■ **EXERCISE PROMPT**:
The output should contain the listing word for word and no pictures.

■ **SUPPLIED DATA**:
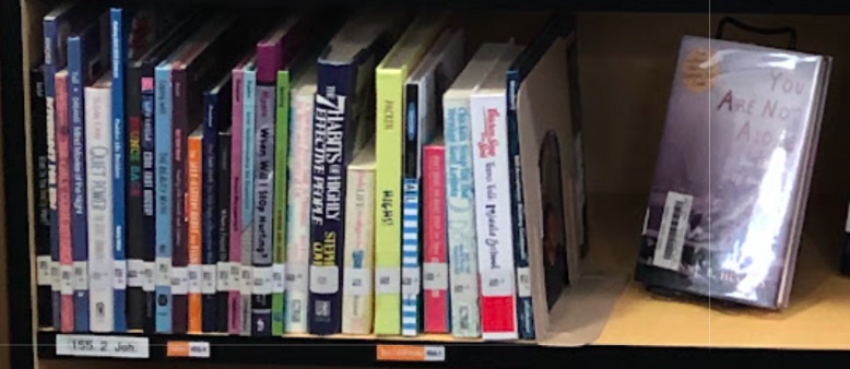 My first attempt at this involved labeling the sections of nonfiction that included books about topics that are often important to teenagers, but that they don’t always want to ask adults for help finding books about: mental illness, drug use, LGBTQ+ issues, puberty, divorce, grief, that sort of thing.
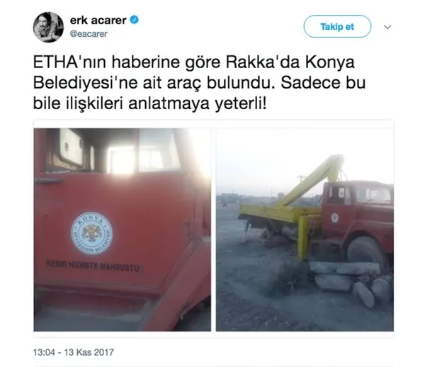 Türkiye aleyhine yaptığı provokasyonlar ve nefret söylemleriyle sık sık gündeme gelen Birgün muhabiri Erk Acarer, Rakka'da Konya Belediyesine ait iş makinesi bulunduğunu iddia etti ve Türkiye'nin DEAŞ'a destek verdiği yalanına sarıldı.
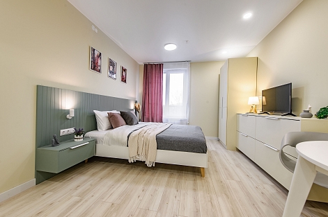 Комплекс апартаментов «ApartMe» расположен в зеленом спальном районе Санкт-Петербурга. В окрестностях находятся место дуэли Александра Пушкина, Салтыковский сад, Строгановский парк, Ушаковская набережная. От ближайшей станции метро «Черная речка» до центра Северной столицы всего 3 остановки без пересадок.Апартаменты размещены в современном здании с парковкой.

■ **THE COMPLETED TASK**:
 My first attempt at this involved labeling the sections of nonfiction that included books about topics that are often important to teenagers, but that they don’t always want to ask adults for help finding books about: mental illness, drug use, LGBTQ+ issues, puberty, divorce, grief, that sort of thing.
 Türkiye aleyhine yaptığı provokasyonlar ve nefret söylemleriyle sık sık gündeme gelen Birgün muhabiri Erk Acarer, Rakka'da Konya Belediyesine ait iş makinesi bulunduğunu iddia etti ve Türkiye'nin DEAŞ'a destek verdiği yalanına sarıldı.
 Комплекс апартаментов «ApartMe» расположен в зеленом спальном районе Санкт-Петербурга. В окрестностях находятся место дуэли Александра Пушкина, Салтыковский сад, Строгановский парк, Ушаковская набережная. От ближайшей станции метро «Черная речка» до центра Северной столицы всего 3 остановки без пересадок.Апартаменты размещены в современном здании с парковкой.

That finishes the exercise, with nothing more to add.